_Exercise requirements_: The required output is the exact run of lines in the listing below from the line holding "3. +/ : Used" through the line holding "Check regularly to", with no pictures.

[Start of section]

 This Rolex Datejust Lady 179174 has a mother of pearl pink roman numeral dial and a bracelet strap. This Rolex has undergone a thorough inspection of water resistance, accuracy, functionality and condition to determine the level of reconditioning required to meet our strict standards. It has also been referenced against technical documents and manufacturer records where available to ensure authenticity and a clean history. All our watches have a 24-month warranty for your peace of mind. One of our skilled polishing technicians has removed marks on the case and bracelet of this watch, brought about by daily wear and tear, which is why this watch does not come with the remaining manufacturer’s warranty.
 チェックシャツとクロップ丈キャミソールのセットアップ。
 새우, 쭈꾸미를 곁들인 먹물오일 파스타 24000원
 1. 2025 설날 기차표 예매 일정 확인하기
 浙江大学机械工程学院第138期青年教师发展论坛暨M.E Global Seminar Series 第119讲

[End of section]
[Start of section]

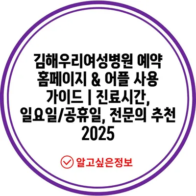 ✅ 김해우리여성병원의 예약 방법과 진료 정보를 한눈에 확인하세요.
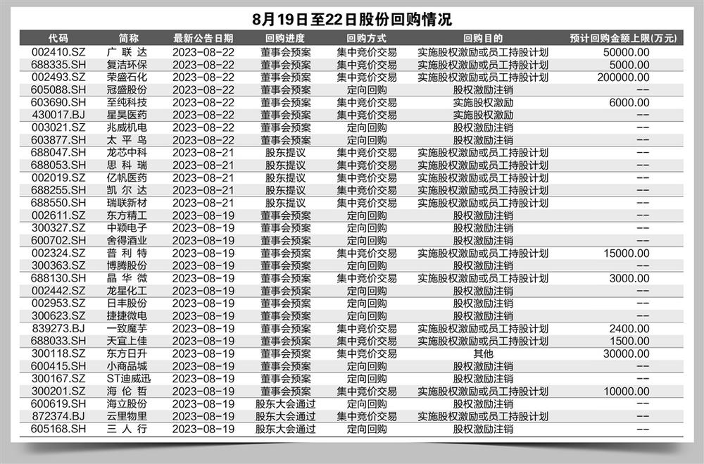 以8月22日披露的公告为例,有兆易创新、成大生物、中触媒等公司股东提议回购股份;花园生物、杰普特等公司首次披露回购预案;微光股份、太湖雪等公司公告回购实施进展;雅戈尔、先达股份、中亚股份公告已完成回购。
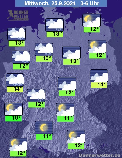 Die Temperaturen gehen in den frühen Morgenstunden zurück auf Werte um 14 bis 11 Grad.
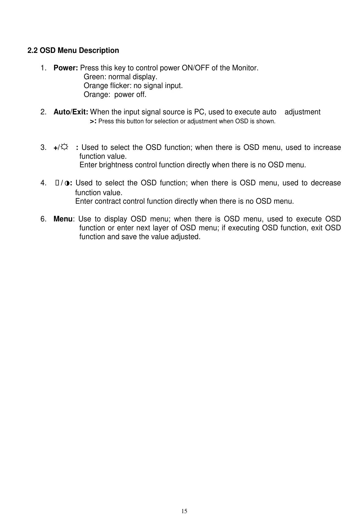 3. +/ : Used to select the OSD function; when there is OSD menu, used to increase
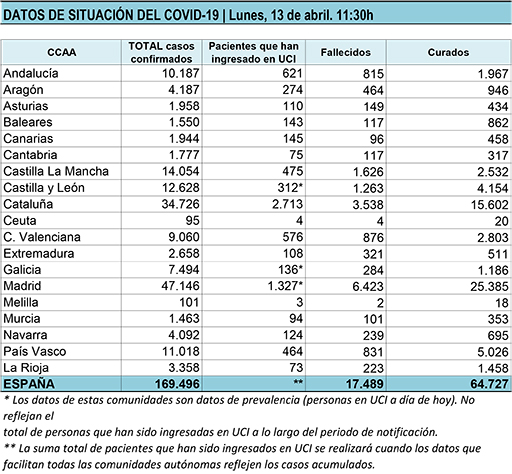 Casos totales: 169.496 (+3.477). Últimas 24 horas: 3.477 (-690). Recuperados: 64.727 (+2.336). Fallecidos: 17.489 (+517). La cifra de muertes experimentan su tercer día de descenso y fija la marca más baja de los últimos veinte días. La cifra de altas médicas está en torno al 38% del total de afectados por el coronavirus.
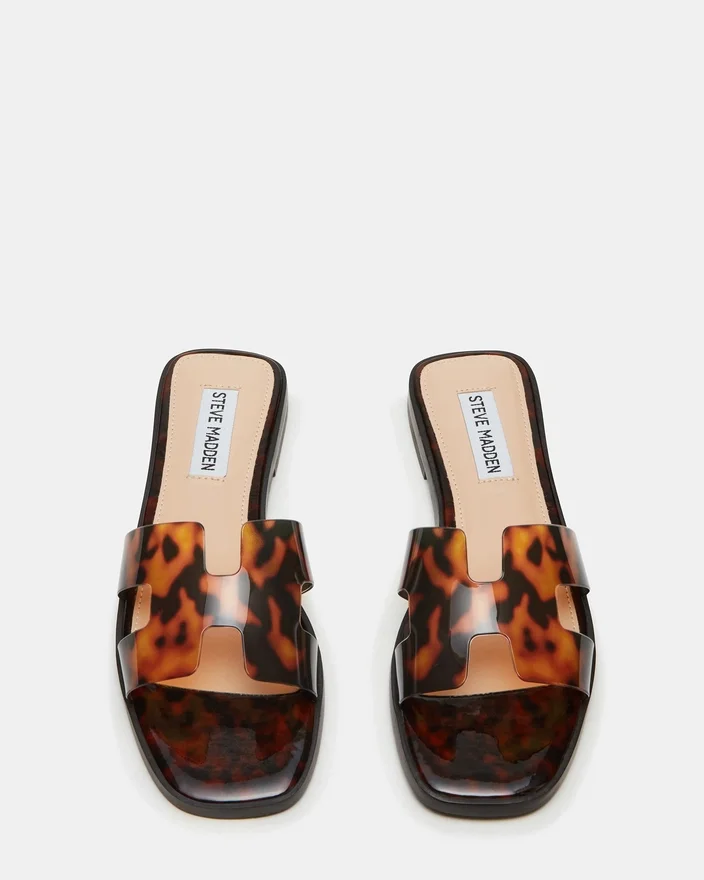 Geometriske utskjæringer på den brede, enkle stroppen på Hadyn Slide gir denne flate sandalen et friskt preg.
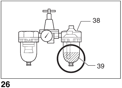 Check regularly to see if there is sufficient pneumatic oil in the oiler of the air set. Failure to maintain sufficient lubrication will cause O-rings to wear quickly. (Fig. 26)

[End of section]

_Result for this task_:
 3. +/ : Used to select the OSD function; when there is OSD menu, used to increase
 Casos totales: 169.496 (+3.477). Últimas 24 horas: 3.477 (-690). Recuperados: 64.727 (+2.336). Fallecidos: 17.489 (+517). La cifra de muertes experimentan su tercer día de descenso y fija la marca más baja de los últimos veinte días. La cifra de altas médicas está en torno al 38% del total de afectados por el coronavirus.
 Geometriske utskjæringer på den brede, enkle stroppen på Hadyn Slide gir denne flate sandalen et friskt preg.
 Check regularly to see if there is sufficient pneumatic oil in the oiler of the air set. Failure to maintain sufficient lubrication will cause O-rings to wear quickly. (Fig. 26)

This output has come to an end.